A light breath of air blew from the south, nipping the exposed
portions of their bodies and driving the frost, in needles of
fire, through fur and flesh to the bones. So, when the fire had
grown lusty and thawed a damp circle in the snow about it, Sitka
Charley forced his reluctant comrades to lend a hand in pitching
a fly. It was a primitive affair, merely a blanket stretched
parallel with the fire and to windward of it, at an angle of
perhaps forty-five degrees. This shut out the chill wind and
threw the heat backward and down upon those who were to huddle in
its shelter. Then a layer of green spruce boughs were spread,
that their bodies might not come in contact with the snow. When
this task was completed, Kah-Chucte and Gowhee proceeded to take
care of their feet. Their icebound moccasins were sadly worn by
much travel, and the sharp ice of the river jams had cut them to
rags.
Their Siwash socks were similarly conditioned, and when these had
been thawed and removed, the dead-white tips of the toes, in the
various stages of mortification, told their simple tale of the
trail.
Leaving the two to the drying of their footgear, Sitka Charley
turned back over the course he had come. He, too, had a mighty
longing to sit by the fire and tend his complaining flesh, but
the honor and the law forbade. He toiled painfully over the
frozen field, each step a protest, every muscle in revolt.
Several times, where the open water between the jams had recently
crusted, he was forced to miserably accelerate his movements as
the fragile footing swayed and threatened beneath him. In such
places death was quick and easy; but it was not his desire to
endure no more.
His deepening anxiety vanished as two Indians dragged into view
round a bend in the river. They staggered and panted like men
under heavy burdens; yet the packs on their backs were a matter
of but a few pounds. He questioned them eagerly, and their
replies seemed to relieve him. He hurried on. Next came two white
men, supporting between them a woman. They also behaved as though
drunken, and their limbs shook with weakness. But the woman
leaned lightly upon them, choosing to carry herself forward with
her own strength.

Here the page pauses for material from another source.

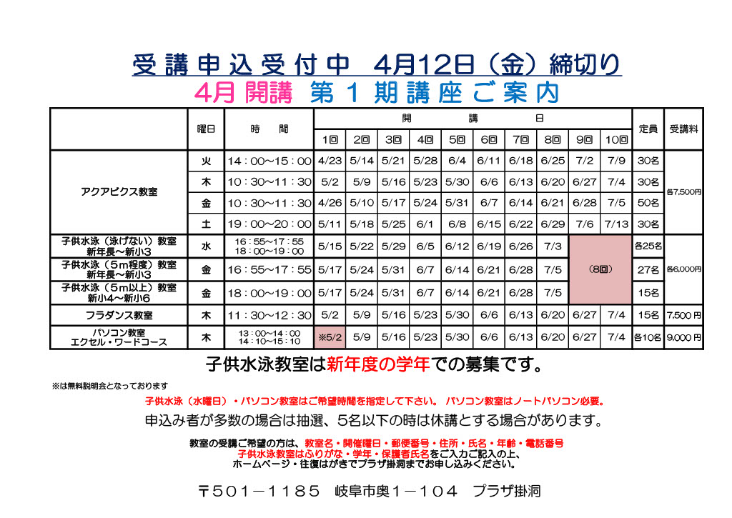 令和6年度 第1期各種教室の申し込みを受付けております。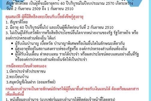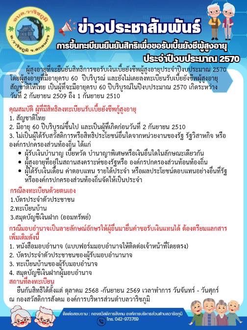 Posted in ข่าวประชาสัมพันธ์ การขึ้นทะเบียนยืนยันสิทธิเพื่อขอรับเบี้ยยังชีผู้สูงอายุ ประจำปึงบประมาณ 2570 admin

At the sight of her a flash of joy cast its
fleeting light across Sitka Charley's face. He cherished a very
great regard for Mrs. Eppingwell. He had seen many white women,
but this was the first to travel the trail with him. When Captain
Eppingwell proposed the hazardous undertaking and made him an
offer for his services, he had shaken his head gravely; for it
was an unknown journey through the dismal vastnesses of the
Northland, and he knew it to be of the kind that try to the
uttermost the souls of men.
But when he learned that the captain's wife was to accompany
them, he had refused flatly to have anything further to do with
it. Had it been a woman of his own race he would have harbored no
objections; but these women of the Southland--no, no, they were
too soft, too tender, for such enterprises.

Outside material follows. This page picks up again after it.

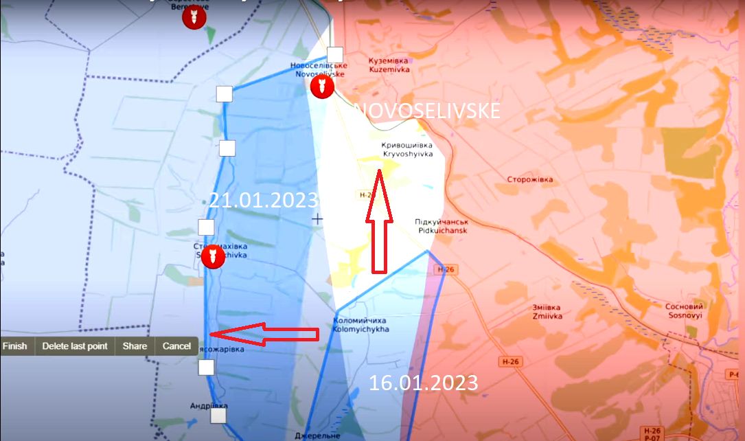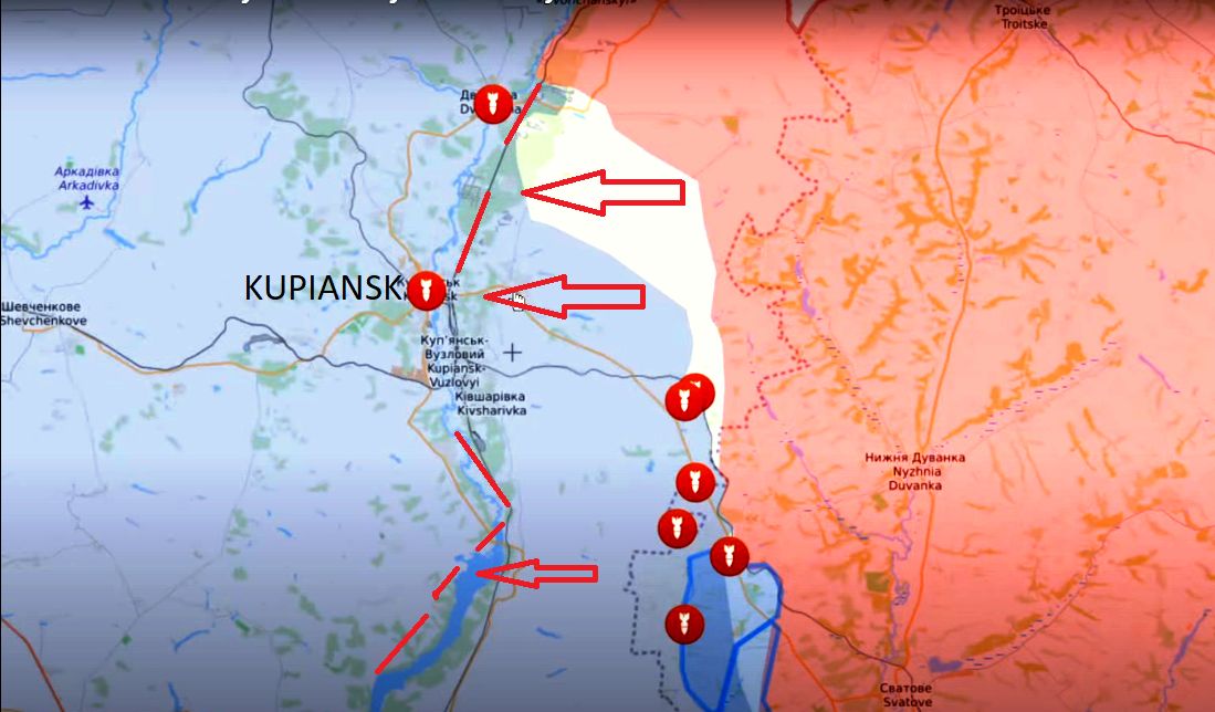 A nyní zpět k Soledaru a Bachmutu. Situace v Bachmutu je pro Ukrajince každým dnem kritičtější. Ale i kdyby padl Bachmut, neznamená to, že ruská armáda dosáhla svého cíle zimní ofenzívy. Tou je osvobození celé Doněcké oblasti, která byla prohlášena za nedílnou součást Ruska. Nyní se jedná především o města Kramatorsk a Slavjansk. Pokud budou Rusové pokračovat v ofenzivě od Soledaru a Bachmutu směrem na Kramatorsk a Slavjansk, mohou se Ukrajinci na této frontě udržet až do dubna. Na tomto směru je mnoho lokalit, které byly již dříve opevněny. A tím se vracíme k průlomu, který Rusové provedli u Svjatova a který se do konce ledna může projevit jako návrat ke staré frontové linii z loňského léta. Jakmile ruská vojska znovu obsadí Izjum a Barvinovo, fronta v Donbasu se zhroutí. Slavjansk a Kramatorsk budou Rusy obsazeny obchvatem od Bachmutu a Barvinova (mapa 5).

Sitka Charley did not know this kind of woman. Five minutes
before, he did not even dream of taking charge of the expedition;
but when she came to him with her wonderful smile and her
straight clean English, and talked to the point, without pleading
or persuading, he had incontinently yielded. Had there been a
softness and appeal to mercy in the eyes, a tremble to the voice,
a taking advantage of sex, he would have stiffened to steel;
instead her clear-searching eyes and clear-ringing voice, her
utter frankness and tacit assumption of equality, had robbed him
of his reason. He felt, then, that this was a new breed of woman;
and ere they had been trail mates for many days he knew why the
sons of such women mastered the land and the sea, and why the
sons of his own womankind could not prevail against them. Tender
and soft! Day after day he watched her, muscle-weary, exhausted,
indomitable, and the words beat in upon him in a perennial
refrain. Tender and soft! He knew her feet had been born to easy
paths and sunny lands, strangers to the moccasined pain of the
North, unkissed by the chill lips of the frost, and he watched
and marveled at them twinkling ever through the weary day.
She had always a smile and a word of cheer, from which not even
the meanest packer was excluded. As the way grew darker she
seemed to stiffen and gather greater strength, and when
Kah-Chucte and Gowhee, who had bragged that they knew every
landmark of the way as a child did the skin bails of the tepee,
acknowledged that they knew not where they were, it was she who
raised a forgiving voice amid the curses of the men. She had sung
to them that night till they felt the weariness fall from them
and were ready to face the future with fresh hope. And when the
food failed and each scant stint was measured jealously, she it
was who rebelled against the machinations of her husband and
Sitka Charley, and demanded and received a share neither greater
nor less than that of the others.
Sitka Charley was proud to know this woman. A new richness, a
greater breadth, had come into his life with her presence.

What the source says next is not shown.